## DIRECTIONS
Starting at the line with "деді Михаил Ломтадзе." and ending at the line with "Tohono O'odham vs", print exactly the lines of the entries below. Pictures do not belong in the copy.

## RECORDS FOR THIS EXERCISE

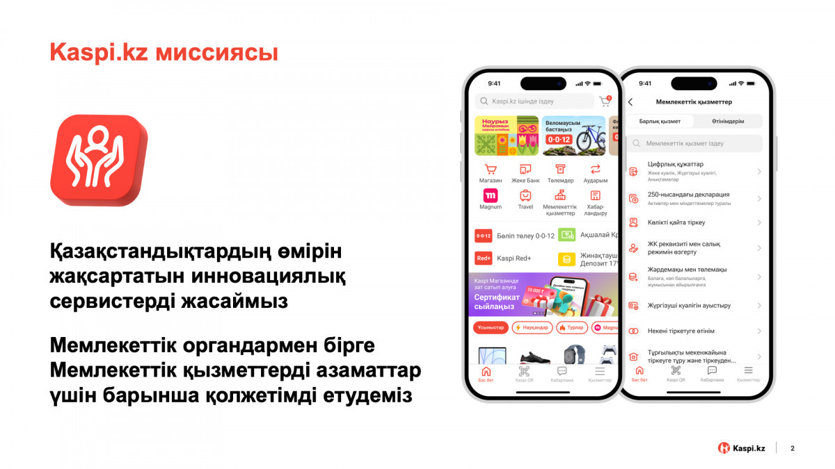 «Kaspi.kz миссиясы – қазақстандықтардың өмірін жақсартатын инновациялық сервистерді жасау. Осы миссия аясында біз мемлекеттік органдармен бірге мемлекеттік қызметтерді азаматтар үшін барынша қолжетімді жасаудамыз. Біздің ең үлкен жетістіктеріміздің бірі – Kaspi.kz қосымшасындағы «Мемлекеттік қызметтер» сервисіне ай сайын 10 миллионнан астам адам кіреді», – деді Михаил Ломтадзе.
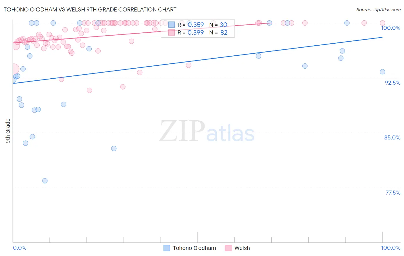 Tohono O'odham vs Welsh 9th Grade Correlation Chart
...
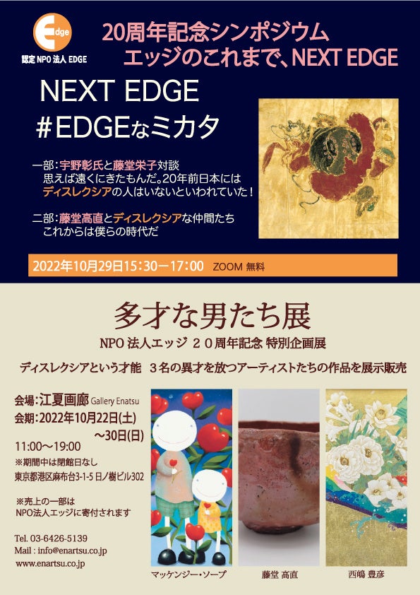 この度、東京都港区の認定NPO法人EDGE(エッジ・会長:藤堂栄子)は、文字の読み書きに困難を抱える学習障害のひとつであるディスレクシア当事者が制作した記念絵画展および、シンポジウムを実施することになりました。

## TASK RESPONSE
 «Kaspi.kz миссиясы – қазақстандықтардың өмірін жақсартатын инновациялық сервистерді жасау. Осы миссия аясында біз мемлекеттік органдармен бірге мемлекеттік қызметтерді азаматтар үшін барынша қолжетімді жасаудамыз. Біздің ең үлкен жетістіктеріміздің бірі – Kaspi.kz қосымшасындағы «Мемлекеттік қызметтер» сервисіне ай сайын 10 миллионнан астам адам кіреді», – деді Михаил Ломтадзе.
 Tohono O'odham vs Welsh 9th Grade Correlation Chart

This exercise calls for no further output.